Tous ces Clubs n’ont pas été cité pour garnir la page, je ne peux les énumérer tous, pour ne pas vous polluer la vue et d’ailleurs ce n’est pas le but recherché ici. Francos de part sa gentillesse et sa vie vertueuse, était comme une pieuvre, il avait des tentacules partout et vu que ce n’était pas un homme à problèmes, toutes les portes lui étaient ouvertes.
Tous ces Clubs ou ces Individualités avaient des affinités avec Francos. Il était tellement sympathique qu’il était accessible et ouvert à tout venant. Son aisance à s’adapter dans n’importe quel milieu, faisait de lui, l’Homme de toutes les générations. Son élégance incarnait le respect. C’était un Monsieur sans frontières, il n’avait aucun interdit relationnellement parlant. Si son élégance reflétait la beauté, son cœur dégageait la bonté et son aura était un aimant.
Je ne vous ai pas embarqué dans un labyrinthe mais c’est plutôt pour que vous comprenez mieux le Personnage, l’Homme et l’Être qu’il était, avec les mots qui sont les miens. Si j’ai pris le pari d’en dire un peu sur lui, bien que n’étant pas dans le secret du bon Dieu et sans me targuer de mieux le connaître, je n’apporte qu’une pièce au puzzle. Francos était comme ce slogan de l’Orchestre OK JAZZ qui disait : on rentre OK on sort KO. Quand tu l’as connu de loin sans l’avoir côtoyé, deux jugements peuvent se dégager: le rejet ; « ce Monsieur ne pense qu’aux habits » ou alors l’admiration « ce Monsieur est élégant, j’aimerais lui ressembler». Maintenant, quand tu l’as approché, et que tu as commencé à échanger avec lui, les préjugés tombent, c’est là où tu vois la nocivité des idées préconçues. Francos était une montagne de connaissances, son aisance à parcourir un bouquin en un laps de temps, faisait de lui un Bibliophile. Il lisait tout ce qui lui tombait entre les mains. C’était un Homme de culture. Je ne m’abstiendrai pas de dire que Francos était une légende. S’il est adulé par bon nombre de générations, au delà de son art vestimentaire, c’est que son fond dégageait autre chose. Sa longévité sans désamour avec les personnes de tout horizon, n’est point anodine. Si Francos a vécu plus de quatre vingts ans, cela était dû à son hygiène de vie, il se couchait tôt et était presque abstème. Il ne s’adonnait point à la concupiscence. Il n’était pas dans la mondanité. Il s’extasiait dans la Salsa, seule danse qu’il affectionnait et exhibait avec brio comme son ami de toujours Gomez De MAKANDA.

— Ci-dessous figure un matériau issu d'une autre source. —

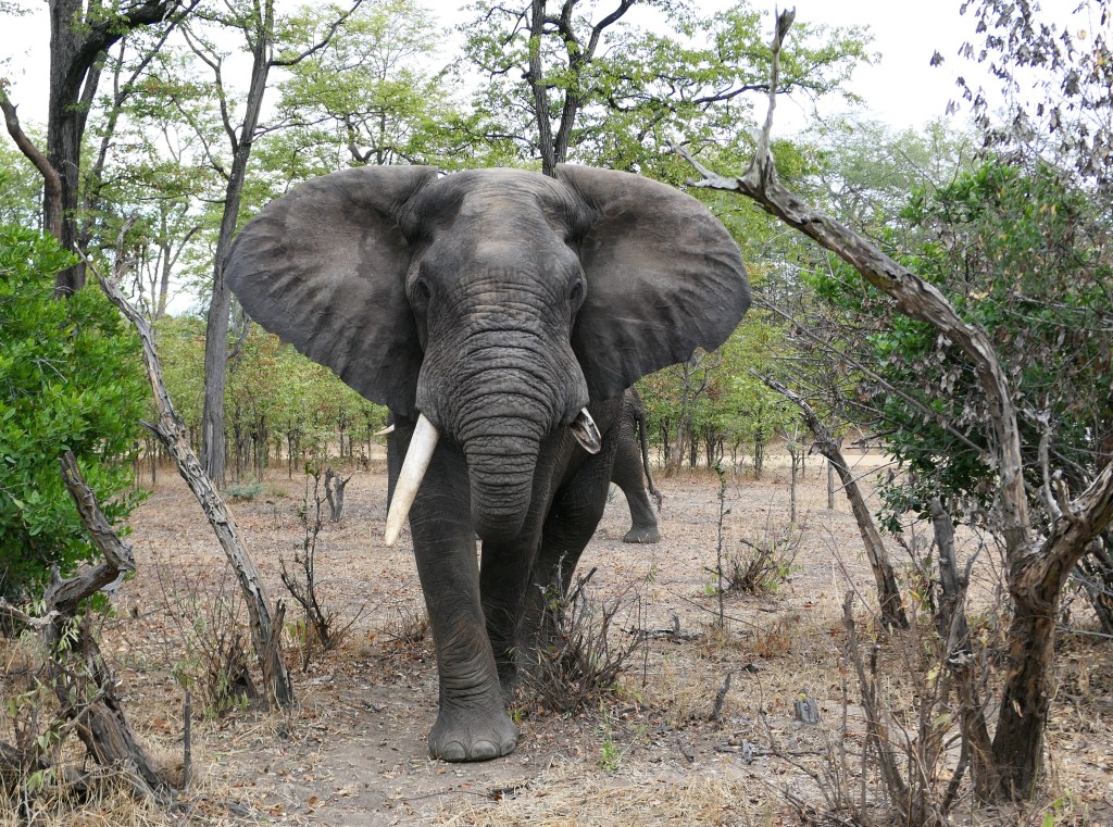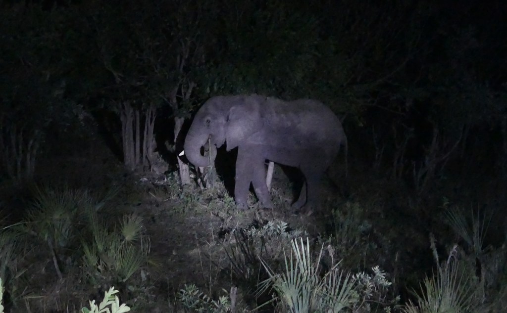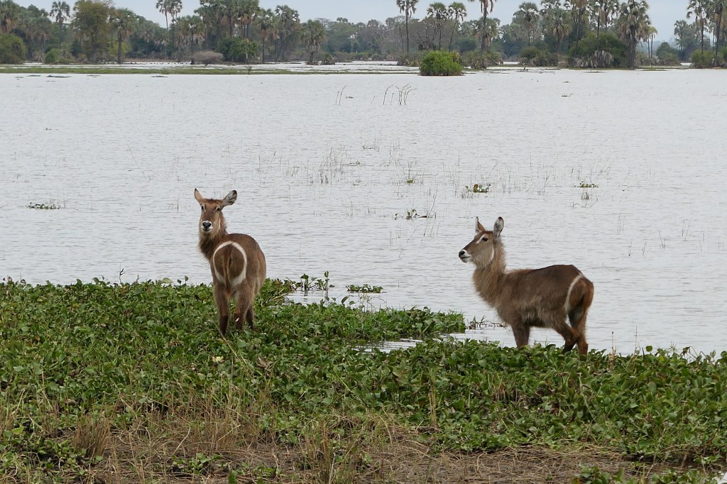 Terug aan wal is duidelijk dat de logde midden in het park ligt, de bushbucks en wilde zwijnen zijn vlakbij de lodge. Ook als we later in de avond op de uitkijkposten staan, zien we een olifant en nijlpaard op 50m afstand. Reden ook dat we bewaking hebben, zij houden ons tegen te ver van het kamp te lopen en de dieren op afstand.

Nous venons de perdre un géant, un monstre sacré de l’esthète.
En tant d’années d’une relation commune, je ne lui avais trouvé qu’un seul défaut, c’est son goût immodéré de l’esthète, que je prendrais plus pour un péché mignon qu’autre chose.
Laissez moi me référer à la citation du Sage de l’Afrique : le Malien Amadou HAMPÂTE BÂ qui disait, je cite: « En Afrique, quand un vieillard meurt, c’est une bibliothèque qui brûle ». J ‘avais commencé un travail avec lui, qui a malheureusement aujourd’hui a un goût d’inachevé, le baobab est tombé, mais les racines restent.
Adieu cher Aîné, Adieu la Boussole, Adieu l’Artiste, repose en paix.